I found it and I should have know it was Nat"King" Cole ("Youtube") Mom loved him most of all.  I had forgotten the words, 2 of the lines," Since you went away the days grow long," "But I miss you most of all when Autumn leaves start to fall!" I do miss her, there were rough times between us long before the Alzheimer's ate her brain and made her mean. Please know I do love her and miss the good times so much......I really hate Alzheimer's...it is beyond HORRID!!!

Autumn in NY

I know it is only the 9th but here in upstate the leaves on my oak tree are  already turning red. Does anyone remember the song "Autumn in New York"?
We came from Southern California to upstate NY in Jan. 1980. My Daddy had gotten transferred, and since my in-laws at the time lived in Ma. David and I and our 2 boys came East with them.
That was almost 33 years ago.
This may be hard to follow but for me there is always a thread of how I reached different points in my crazy world.
The boys loved the snow, Joe was 10 Stewart 2.  I had never driven in the white stuff and  was a little nervous. It took a while to get comfy but by the next Winter we were settled in a little town called Argyle. I got stuck in the snow several times but there was always a farmer who pulled me out.
My parents lived 45 minutes South in Albany and my-in-laws 3 1/2 hours South East down by the Cape.
The first Autumn was breathtaking that's when my mother got out her old records and found Johnny Mathias or maybe It was Frank Sinatra singing "Autumn leaves."

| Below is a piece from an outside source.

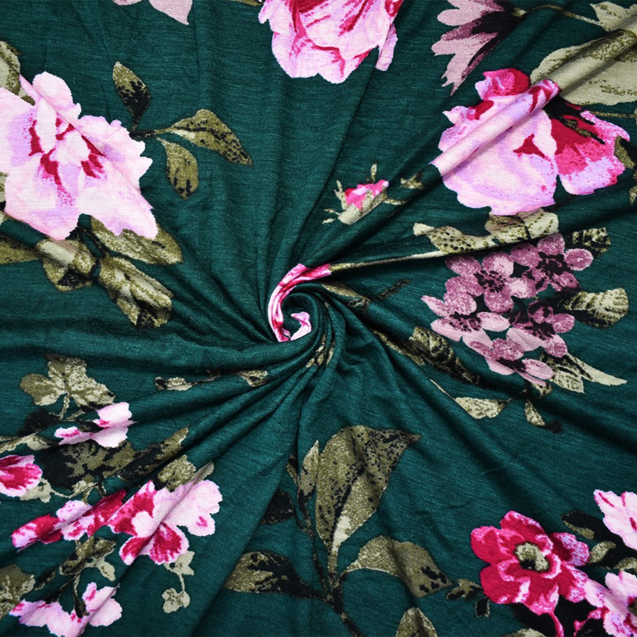 Green-Multi Rayon Stretch Spandex Floral Print Jersey Knit Fabric

Yesterday I sat out in my front yard with Brad and Heather looking at the sky and looked at the beautiful leaves. And reflected. Heather is now in middle school the others are all on their own, Daddy is with the Lord .
I wish Mommy was sitting outside with me drinking her "Tab" talking about years gone by and sharing what each of her grandchildren and great grand children were doing. She loved Fall mostly because it meant Christmas was coming closer. That was her favorite time of year!
I think I'l go to "You Tube" and see if I can find someone singing "Autumn leaves" and cry  some more. I so hate Alzheimer's!